What can other countries learn from Australia’s 25 years of uninterrupted growth?
If the Olympics handed out medals for economic performance, Australia’s surely would be golden after 25 straight years of growth. What lessons might the land Down Under and the rest of the region learn from this record winning streak?
The record was officially confirmed on September 7, with the release of June quarter gross domestic product (GDP) data showing a quarterly gain of 0.5 percent and an annualized rise of 3.3 percent for the world’s 12th largest economy. As the Washington Post noted, “The last time Australia had a recession, the Clintons had never run for president, Donald Trump had never had a business go bankrupt, and the Soviet Union was still a country.”

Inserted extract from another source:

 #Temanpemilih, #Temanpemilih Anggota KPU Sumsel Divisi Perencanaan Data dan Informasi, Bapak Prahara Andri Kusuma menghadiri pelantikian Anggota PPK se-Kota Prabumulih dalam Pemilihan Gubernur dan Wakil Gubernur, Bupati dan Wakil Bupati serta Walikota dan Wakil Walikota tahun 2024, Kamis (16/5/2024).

Although the Netherlands still holds the official record winning streak, having avoided recession from 1981 to 2008, the U.S. daily pointed out that Australia is now running the Dutch very close.
Australian Treasurer Scott Morrison said the nation’s economy “is growing faster than every G7 economy, well over twice as fast as the United States and Canada and well above the OECD average.”

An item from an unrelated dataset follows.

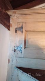 Armadio rustico in legno di abete con cerniere forgiate a farfalla e meccanismi di chiusura originali TUTTI FUNZIONANTI E INTEGRI CON CHIAVI ORIGINALI, databile tra la fine del 700 e metà 800 non trattato. Condizioni: stabile, solido, legno non trattato, con vari rattoppi in stuccatura antica. Vecchie numerose tarlature esclusivamente sulle cipolle, trattate e stabili. Misure: 197 altezza 116 larghezza 45,5 profondità. Idee d'uso: Bellissimo oggetto in ambienti rustici e con altri pezzi di antiquariato originali, come case di campagna o case in centro storico, o ancora in abitazioni in stile mix-match italiano o chabby chic. In questi casi, se non lasciato al naturale, anche laccato in colori più contemporanei potrebbe diventare un pezzo d'accento. Ritiro: Si trova ad Arezzo, centro storico, primo piano mansardato, ma è stato portato al piano intero a suo tempo. Ritiro e trasporto da organizzare in autonomia. Non spedisco né consegno a meno di un rialzo nel prezzo da concordare in base ai costi delle spedizioni. Prezzo trattabile, invece, per ritiro rapido (visto e piaciuto on line) e con profilo verificato. Posso mandare più foto e video su richiesta.

The treasurer pointed to improved household consumption, public and dwelling investment spending, “more than offsetting the continued and expected decline in resources investment” following the end of the nation’s China-driven mining boom.
However, he also noted the nation’s terms of trade – the ratio of export prices compared to imports – were 34 percent below their peak, remaining at 10-year lows, along with sluggish wages and nominal GDP growth.
“It is simply not enough to presume our exceptional run of growth will continue or that another unprecedented boost in commodity prices will alleviate our budgetary constraints,” Morrison warned.